The latest report was focused on comparing statements made by top
administration officials, particularly Bush and Cheney, between August 2002 and the actual invasion in March 2003 with intelligence reports that were available to them at the time.
It found that the White House consistently exaggerated ties between al Qaeda and Iraq by repeatedly suggesting or outright asserting that the two forged an operational relationship that included the provision of weapons training and possibly WMD expertise. The report found that these allegations “were not substantiated by the intelligence” at the time they were made. The report also found that the intelligence also contradicted the White House’s assertions that Saddam Hussein “was prepared to give weapons of mass destruction to terrorist groups for attack against the United States.”
And it said that the intelligence community never confirmed the allegation, made repeatedly by Cheney in particular, that one of the 9/11 organisers, Mohammed Atta, met with a senior Iraqi intelligence official in Prague several months before the attack.
“The president and his advisors undertook a relentless public campaign in the aftermath of the (9/11) attacks to use the war against al Qaeda as a justification for overthrowing Saddam Hussein,” Rockefeller said. “Representing to the American people that the two had an operational partnership and posed a single, indistinguishable threat was fundamentally misleading and led the nation to war on false premises.”

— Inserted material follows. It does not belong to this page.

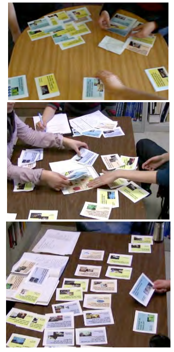
figure 3: Working with the cards

Can everybody see and follow what's happening? This is important if the device is support groups. Visibility of actions is crucial for coordination and awareness. Other visitors should be able to determine what person using the device does. This is particularly relevant in recording mode, so others can

The intelligence community, according to the report, was also considerably more sceptical about the state of Iraq’s chemical weapons programme and especially its alleged nuclear weapons programme than was indicated by top administration officials at the time. Testimony by then-Defence Secretary Donald Rumsfeld that the Iraqi government hid WMD in facilities buried deep underground did not reflect any of the intelligence held by the intelligence community at the time.